The Tamagawa number $\tau$ of an algebraic $G$ group over $\mathbb Q$ is the volume of $G(\mathbb A)/G(\mathbb Q)$, or a proxy thereof*. The conjecture is that it is Pic over Sha. This is a theorem for linear algebraic groups and equivalent to BSD for abelian varieties. This was conjectured by Weil in the simply connected case, where the answer is particularly nice: 1. But tori and abelian varieties do not have a simply connected cover; and the mass formula is about a group that is not simply connected.

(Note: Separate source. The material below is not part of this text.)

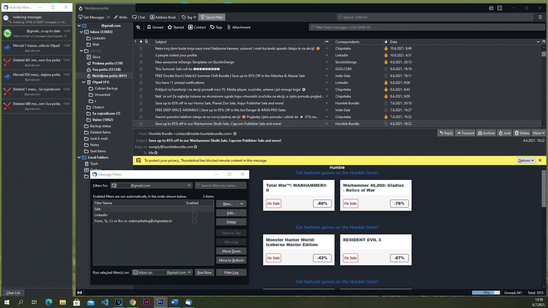 Najjednostavniji način čišćenja je putem neke od mail aplikacija kao što je Microsoft Outlook, no kako on nije besplatan ne tražite dalje od Thunderbirda. Za razliku od drugih email aplikacija koje se reklamiraju kao besplatne, Thunderbird se pokazao vrlo korisnim jer ne nameće reklame te nema ograničenja u korištenju koja smo zatekli kod nekih besplatnih mail aplikacija. Prva stvar koju bi trebali napraviti prije no što krenete s brisanjem tj. čišćenjem mailova, je backup vaših mailova i drugih stvari s vašeg Google accounta. Zlatno pravilo glasi - backup, backup, backup!

What is the measure on the adelic group? It is a Haar measure, but that is unique only up to a real number. Tamagawa showed that there is a canonical normalization, Tamagawa measure. First choose the Haar measure additive group of the adeles so $\mathop{vol}(\mathbb A/\mathbb Q)=1$, which is also the obvious measure. For more general groups, an invariant differential form gives a local identification of the group with a power of the additive group, allowing the measure to be transferred. (Well, that's the heuristic, but I think it does not directly work with adeles, but only for local fields, which is enough.) General adelic differential forms still produce all Haar measures, but the product formula says that multiplying a differential form by an element of $\mathbb Q^*$ does not change the measure. Thus differential forms defined over $\mathbb Q$ yield a single canonical normalization of Haar measure.

The class number formula for a number field $K$ is equivalent to 1 being the Tamagawa number for a particular torus, (the Weil restriction of) the multiplicative group over $K$. To avoid infinities, you could replace that with the kernel of the norm map to $\mathbb G_{m,\mathbb Q}$, analogous to dividing the zeta function of $K$ by the zeta function of $\mathbb Q$. The Siegel mass formula can be reduced to the Tamagawa number for the appropriate orthogonal group, which I believe was Tamagawa's original motivation.

I don't know why the formula is Pic over Sha. That is a multiplicative factor necessary for good behavior in group extensions, including isogenies. Actually, I did figure out the role of Sha, namely that a better object than $G(\mathbb A_{\mathbb Q})/G(\mathbb Q)$ is $(G(\mathbb A_{\mathbb K})/G(K))^{\mathop{Gal}(K/\mathbb Q)}\cong G(\mathbb A_{\mathbb Q})/G(\mathbb Q)\times Ш_{G,\mathbb Q}$. I suspect that the explanation of Pic is that we should replace the space with a stack with that isotropy. Also, what shows up is in the abelian variety case is not the whole Picard group, but the torsion part.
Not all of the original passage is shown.